Ultimately, Mr. Smith apologized to the academy and to his fellow nominees.

“Art imitates life. I look like the crazy father” said Mr. Smith, chuckling. “But love will make you do crazy things.”

After the show, the Academy of Motion Pictures Arts and Sciences issued a statement saying it “does not condone violence of any form.” The Los Angeles Police Department said it was aware of a slapping incident at the Oscars but said the person involved had declined to file a police report.

After record-low ratings and a pandemic-marred 2021 show, producers this year turned to one of the biggest stars around – Beyoncé – to kick off an Oscars intended to revive the awards’ place in pop culture. After an introduction from Venus and Serena Williams, Beyoncé performed her “King Richard” nominated song, “Be Alive,” in an elaborately choreographed performance from a lime-colored, open-air stage in Compton, where the Williams sisters grew up.

Hosts Wanda Sykes, Amy Schumer, and Regina Hall then began the telecast from the Dolby Theatre.

“Encanto,” the Disney hit propelled by its chart-topping soundtrack, won best animated film.

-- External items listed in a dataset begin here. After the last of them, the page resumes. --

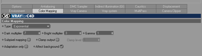 quando lancerai un render di prova e vedrai che alcune parti in ombra sono troppo scure e le parti in luce... bruciate ... allora interverrai sul color mapping ... prova con il linear mult. il mio personale consiglio è di non superare il 1.2 per il dark lo 0.7 per il bright.
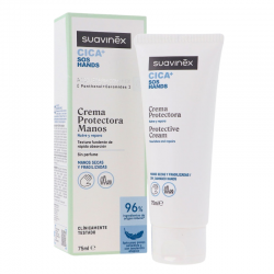 Crema Protectora de Manos Cica+ SOS de Suavinex está diseñada para actuar como tratamiento de rescate en manos con piel seca o fragilizada. Su fórmula reparadora y protectora ayuda a restaurar la barrera cutánea, además, tiene una textura fundente y de rápida absorción.
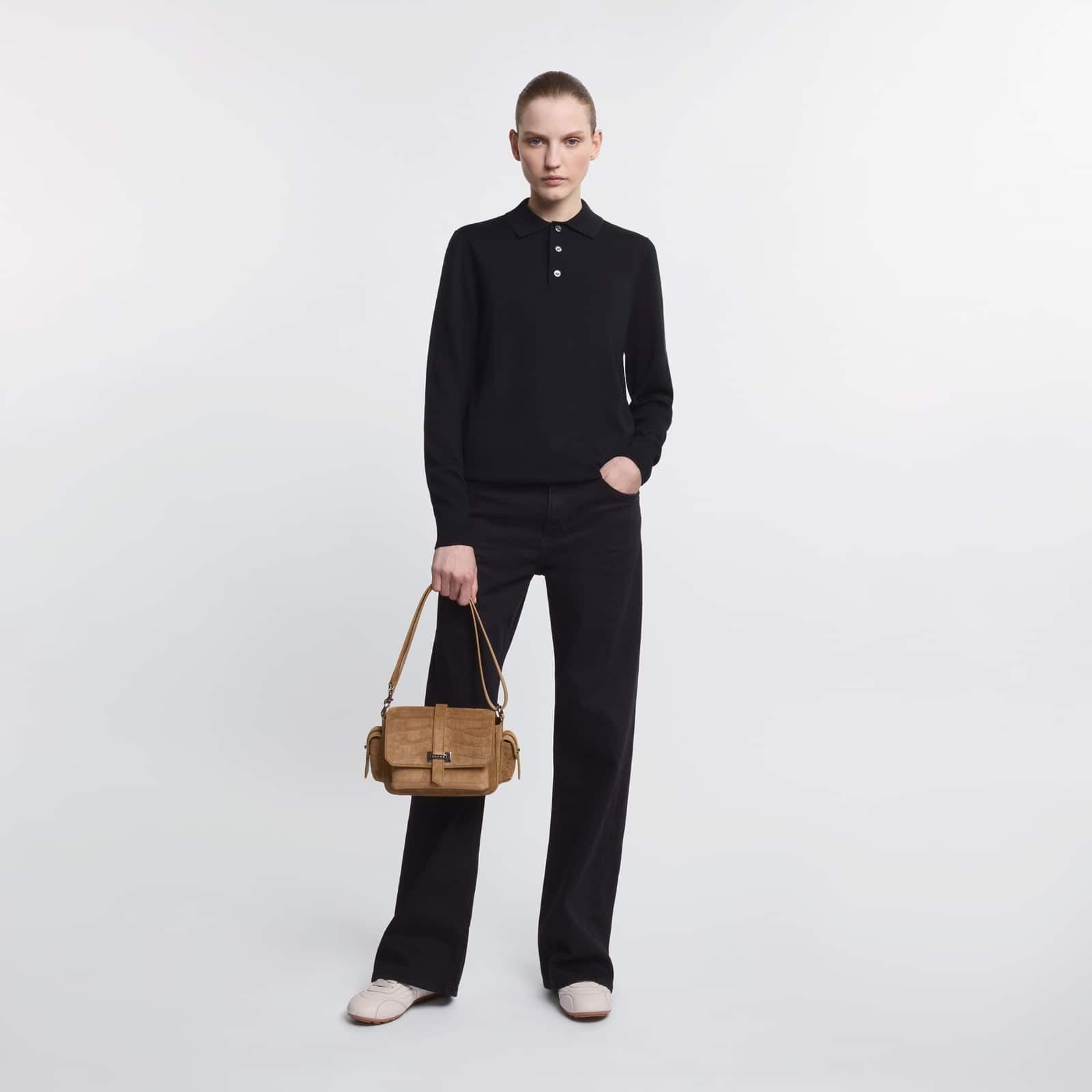 Il gioco di volumi e superfici è valorizzato dalla pattina con listino e passante in metallo personalizzato, elemento distintivo che arricchisce il vano centrale e le due tasche laterali. La tasca frontale seminascosta è perfetta per custodire con discrezione gli oggetti di uso frequente.
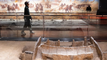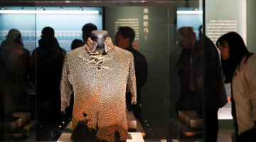 1月26日,在埃及吉萨的大埃及博物馆,观众参观开罗艺术展。
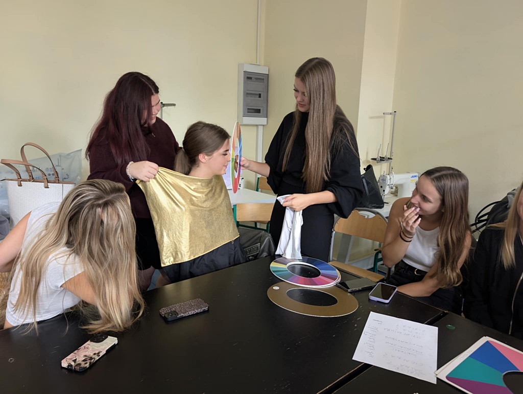 15 września uczniowie klasy 4ST uczestniczyli w szkoleniu „Analiza kolorystyczna w praktyce”. Pod okiem stylistki wizerunku -Małgorzaty Sikorskiej z firmy DRESS NO STRESS, zdobywali cenne umiejętności doboru kolorów do typu urody .Wiedza z pewnością okaże się przydatna w przyszłej pracy zawodowej.
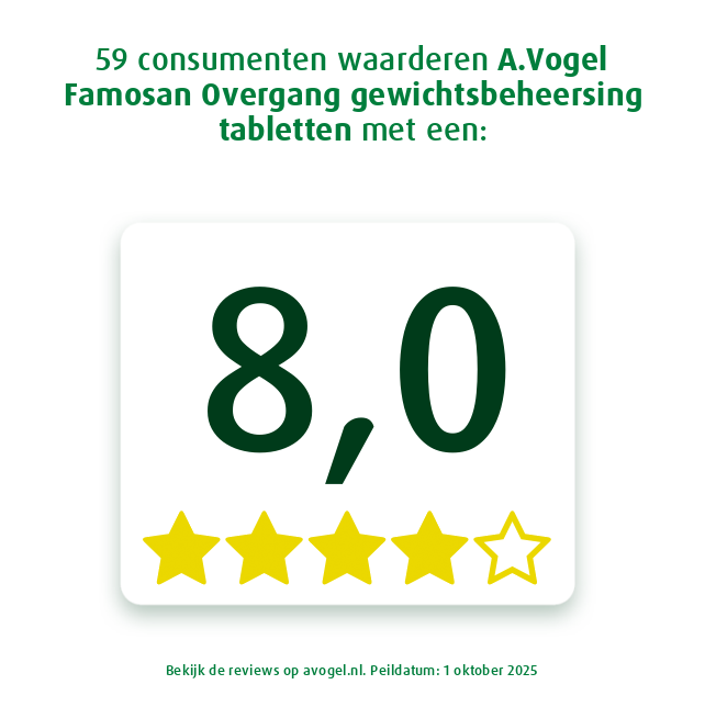 Is het soms wat moeilijker om op gewicht te blijven tijdens de overgang? Kies dan voor Famosan gewichtsbeheersing [2]*. Helpt de vetverbranding [2]* en draagt bij aan een normale stofwisseling van vetten, koolhydraten en eiwitten [3]. Famosan gewichtsbeheersing helpt ook bij het handhaven van de normale balans in de water- en mineralenhuishouding [4]. Tevens ondersteunt het een goede vochthuishouding en vochtbalans [2]* en helpt het bij opvliegers [1]*.
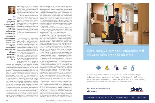 “ Just prior to the pandemic , we saw that central line-associated bloodstream infections ( CLABSIs ) continued to decrease , while catheter-associated urinary tract infections ( CAUTIs ) had just met the target and dipped slightly below it by 2019 ,” Dudeck explained . “ MRSA has taken a bit more time and had not really neared that target but was slowly decreasing . And Clostridium difficile had definitely exceeded the target by that time . We entered 2020 and I think it ’ s an understatement to say it was the year of unprecedented challenges . There were stresses on the healthcare system and deaths in nursing homes , and in a commentary in the American Journal of Infection Control , there were some predictions of what may happen to HAIs due to the COVID-19 pandemic . In the very early part of the pandemic , NHSN began collecting data on hospital capacity and hospitalizations , and we saw regional and state-wide differences emerge . Hospitals reported more ICU beds than they did in the previous year , upwards of 50 percent to 60 percent in some parts of the U . S . while others were not as impacted at the same time , and so they were not reporting increases in the number of ICU beds . We also had more than 600 hospitals report through NHSN that they were experiencing immediate shortages of healthcare personnel , including nurses , environmental services staff and other healthcare personnel .”
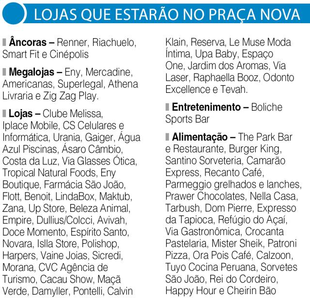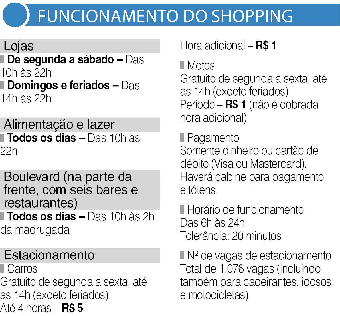 Dos 22 mil m² de área bruta locável, 83% estão comercializados. Quando totalmente ocupado, deverá contar com cerca de 200 operações, entre lojas, restaurantes, bares e fast foods (veja quadro). Além disso, deve gerar 1,5 mil empregos diretos e indiretos. O estacionamento comportará 1.076 veículos. Nesta quinta, às 13h, o Dnit vai liberar o trânsito na parte inferior do viaduto que dá acesso ao shopping.

Lin-Manuel Miranda, who penned the film’s hit songs, missed the ceremony after his wife tested positive for COVID-19. Ryusuke Hamaguchi’s three-hour Japanese drama “Drive My Car,” one of the year’s most acclaimed films, won for best international film.

Aside from a few blue ribbons spotted on the red carpet in support of Ukraine, politics were seldom center stage. The Oscars instead doubled down on razzle dazzle, and the movies as an escape. Feel-good movies also fared well. “CODA” also won for best adapted screenplay. Kenneth Branagh’s autobiographical “Belfast,” an affectionate family drama bathed in nostalgia and shot in black-and-white, took best original screenplay.

Behind this year’s telecast changes was alarm over the Oscars fast-falling ratings. While drops have been common to all major network award shows, last year’s show attracted only about 10 million viewers, less than half of the 23.6 million the year before. 

This story was reported by The Associated Press.